Wong TN, Ramsingh G, Young AL, Miller CA, Touma W, Welch JS, Lamprecht TL, Shen D, Hundal J, Fulton RS, Heath S, Baty JD, Klco JM, Ding L, Mardis ER, Westervelt P, DiPersio JF, Walter MJ, Graubert TA, Ley TJ, Druley TE, Link DC, Wilson RK - Nature (2014)

Bottom Line: We identified four cases of t-AML/t-MDS in which the exact TP53 mutation found at diagnosis was also present at low frequencies (0.003-0.7%) in mobilized blood leukocytes or bone marrow 3-6 years before the development of t-AML/t-MDS, including two cases in which the relevant TP53 mutation was detected before any chemotherapy.Moreover, functional TP53 mutations were identified in small populations of peripheral blood cells of healthy chemotherapy-naive elderly individuals.Finally, in mouse bone marrow chimaeras containing both wild-type and Tp53(+/-) haematopoietic stem/progenitor cells (HSPCs), the Tp53(+/-) HSPCs preferentially expanded after exposure to chemotherapy.

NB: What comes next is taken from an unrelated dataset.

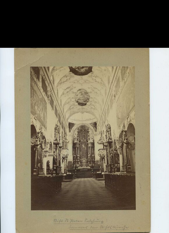 Abt Albert Nagnzaun (1818–1856) ließ 1823 um 2019 Gulden 18 Kreuzer eine Reinigung und Weißigung durchführen,12 die bis 1884 Bestand hatte, als Abt Romuald Horner (1876–1901) um 13.056 Gulden 77 Kreuzer die Kirche erneut renovieren ließ.13 In beiden Fällen erstellten der Abt bzw. der von ihm beauftragte Prior eigenhändig die Kostenübersicht. Abt Romuald ließ die Kirche mit einer Gasbeleuchtung ausstatten, manche Figuren neu fassen, Reliefs des Künstlers Johann Piger hinzufügen und das Kircheninnere neu ausmalen.14 Dem Zeitgeschmack entsprechend wurden Gelb- und Brauntöne anstatt der weiß-grünen Gestaltung der Barockzeit gewählt. Damit nahm man dem Kircheninnenraum die helle, freundliche Lichtwirkung, was auf den erhaltenen Fotografien deutlich zu erkennen ist (Abb. 4 und Abb. 5).15

View Article: PubMed Central - PubMed

Affiliation: Department of Medicine, Division of Oncology, Washington University, St Louis, Missouri 63110, USA.

ABSTRACT
Therapy-related acute myeloid leukaemia (t-AML) and therapy-related myelodysplastic syndrome (t-MDS) are well-recognized complications of cytotoxic chemotherapy and/or radiotherapy. There are several features that distinguish t-AML from de novo AML, including a higher incidence of TP53 mutations, abnormalities of chromosomes 5 or 7, complex cytogenetics and a reduced response to chemotherapy. However, it is not clear how prior exposure to cytotoxic therapy influences leukaemogenesis. In particular, the mechanism by which TP53 mutations are selectively enriched in t-AML/t-MDS is unknown. Here, by sequencing the genomes of 22 patients with t-AML, we show that the total number of somatic single-nucleotide variants and the percentage of chemotherapy-related transversions are similar in t-AML and de novo AML, indicating that previous chemotherapy does not induce genome-wide DNA damage. We identified four cases of t-AML/t-MDS in which the exact TP53 mutation found at diagnosis was also present at low frequencies (0.003-0.7%) in mobilized blood leukocytes or bone marrow 3-6 years before the development of t-AML/t-MDS, including two cases in which the relevant TP53 mutation was detected before any chemotherapy. Moreover, functional TP53 mutations were identified in small populations of peripheral blood cells of healthy chemotherapy-naive elderly individuals. Finally, in mouse bone marrow chimaeras containing both wild-type and Tp53(+/-) haematopoietic stem/progenitor cells (HSPCs), the Tp53(+/-) HSPCs preferentially expanded after exposure to chemotherapy. These data suggest that cytotoxic therapy does not directly induce TP53 mutations. Rather, they support a model in which rare HSPCs carrying age-related TP53 mutations are resistant to chemotherapy and expand preferentially after treatment. The early acquisition of TP53 mutations in the founding HSPC clone probably contributes to the frequent cytogenetic abnormalities and poor responses to chemotherapy that are typical of patients with t-AML/t-MDS.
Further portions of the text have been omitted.